Plus spectaculaire et ludique, la nudge attitude peut se loger dans l’escalier musical en forme de piano, qui incite les gens à délaisser l’ascenseur et à faire un peu plus d’exercice (comme à la gare Montparnasse en 2014).

Chouette idée. Adoptée en entreprise par Volkswagen en 2009.

Un peu difficile à transposer dans toutes les boîtes. Légèrement coûteux, bruyant et peut-être un peu lassant.

Besoin d’une alternative accessible ? Afficher, à chaque pallier, le nombre de calories dépensées pour avoir emprunté l’escalier.

Du « paternalisme libertarien », selon certains.

La démarche aboutit en effet à de meilleurs comportements, pour le bien de tous et de ceux qui les pratiquent, sans qu’ils n’aient à fournir de grands efforts ni à déployer leur grandeur d’âme.
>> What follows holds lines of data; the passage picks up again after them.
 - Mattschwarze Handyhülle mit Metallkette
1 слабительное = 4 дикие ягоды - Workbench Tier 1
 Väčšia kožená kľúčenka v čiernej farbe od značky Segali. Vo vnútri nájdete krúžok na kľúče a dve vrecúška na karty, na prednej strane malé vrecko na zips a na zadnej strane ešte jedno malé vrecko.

La personne agit le plus naturellement du monde en fonction de ce qui se présente à elle. Tout est simplement étudié pour qu’elle agisse dans le bon sens. On a travaillé le contexte, utilisé l’environnement, réfléchi aux instincts et aux émotions qui se jouent dans telle ou telle situation pour susciter le comportement voulu. Car c’est à cela que tiennent en fait nos prises de décisions les plus élémentaires.
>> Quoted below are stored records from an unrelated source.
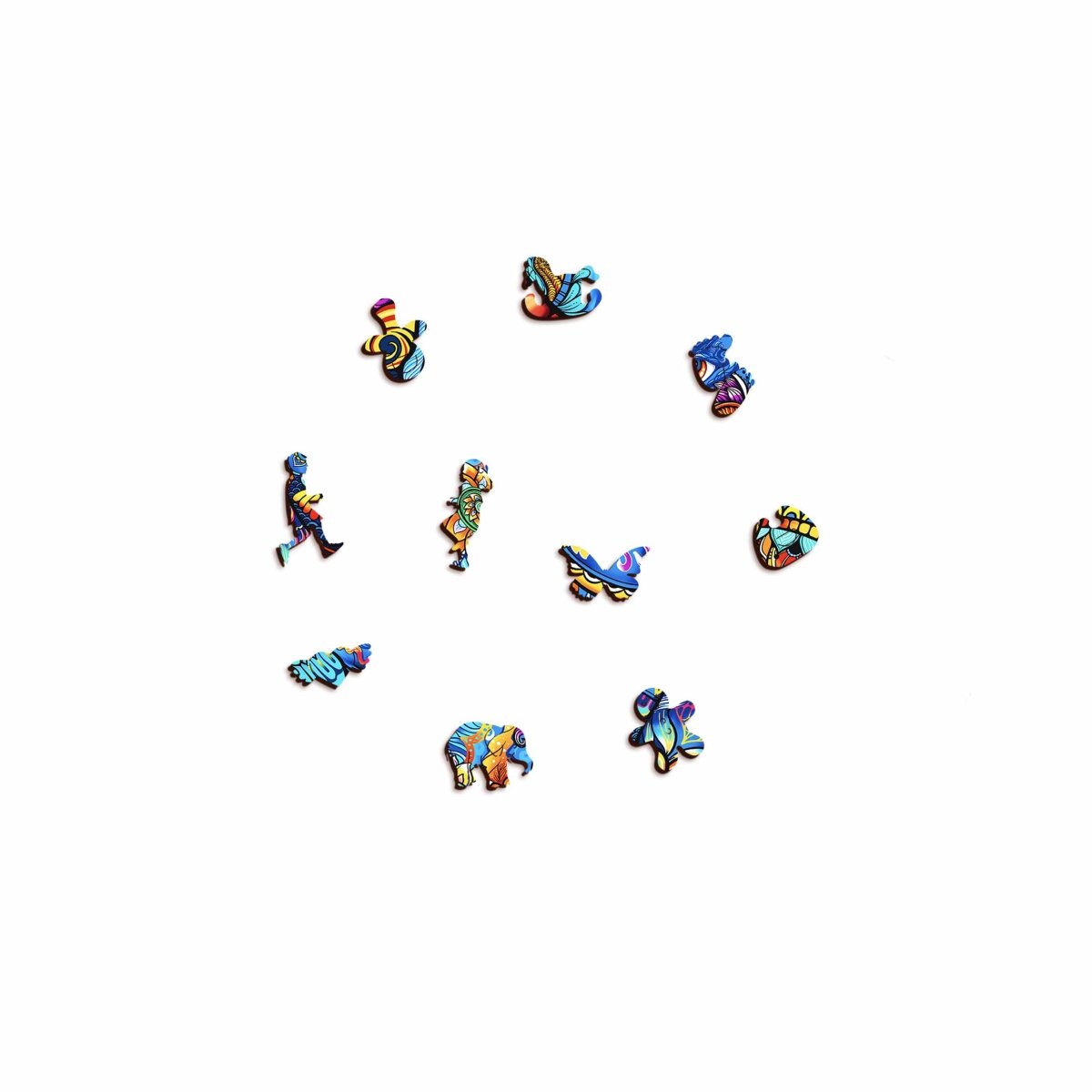 Les pièces façonnées sont des pièces de puzzle fabriquées à la main dans des formes reconnaissables.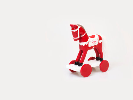 Red horse on wheels (Christmas tree toy) isolated on a white background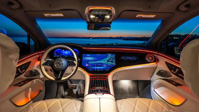 进入车内,整体布局也和奔驰EQS SUV保持一致,提供有三幅式多功能方向盘、12.3英寸全液晶仪表盘、17.7英寸内嵌式中控屏以及12.3英寸副驾驶娱乐屏。但与普通版EQS相比,该车的内饰在用料上要更胜一筹。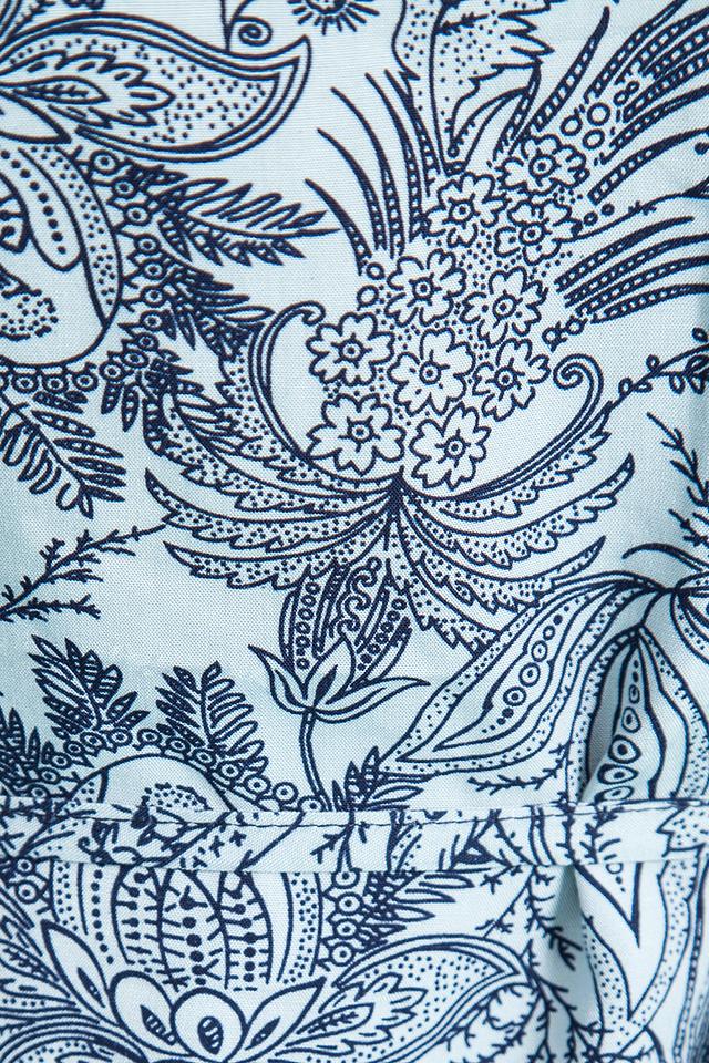 Эта блуза от бренда Horosha выполнена из приятной на ощупь ткани, сочетающей в себе вискозу и хлопок. Преобладающий цвет – голубой, украшенный изысканным цветочным принтом в синих и белых тонах.

En gros, il s’agit d’envoyer une impulsion bien orientée, un « coup de pouce ».

C’est d’ailleurs le sens de « nudge » en anglais.

Et dans l’absolu, les gens ne perdent pas la liberté de pouvoir faire autrement.

 

Manipulation ?

Ce nudge management (ou cette incitation comportementale), ce sont deux américains qui l’ont théorisé. Richard H. Thaler, économiste, professeur d’économie comportementale (Université de Chicago), prix nobel d’économie en 2017 et Cass Sunstein, juriste et professeur de droit (Harvard).

Ils sont les premiers à en avoir fait un ouvrage : Nudge, la méthode douce pour inspirer la bonne décision.

Tant qu’il sert à renforcer l’engagement des salariés sans leur nuire, à réduire les risques professionnels ou à faciliter l’adoption de comportements écologiques, tout va bien.

Mais la tentation d’aller plus loin peut se présenter.

Avec la génération Y, réfractaire aux ordres et à l’autorité hiérarchique, le nudge management pourrait être l’occasion d’obtenir une adhésion naturelle et des comportements programmés, sans échange, ni violence, ni confrontation.

Et entre ça et la manipulation, il n’y a plus qu’un pas.

Certes, a priori, personne ne perd son libre-arbitre. Si l’émotion et l’instinct poussent chacun à agir de telle ou telle sorte, il est toujours possible pour la personne de faire l’effort de s’en détacher et d’agir autrement.

Mais dans le tas, la majorité devrait marcher, non ?

Attention quand-même au retour de bâton.

Quand cette génération anti-complot, qui déteste se faire avoir, découvrira le pot-aux-roses… Le conflit risque de revenir en boomerang.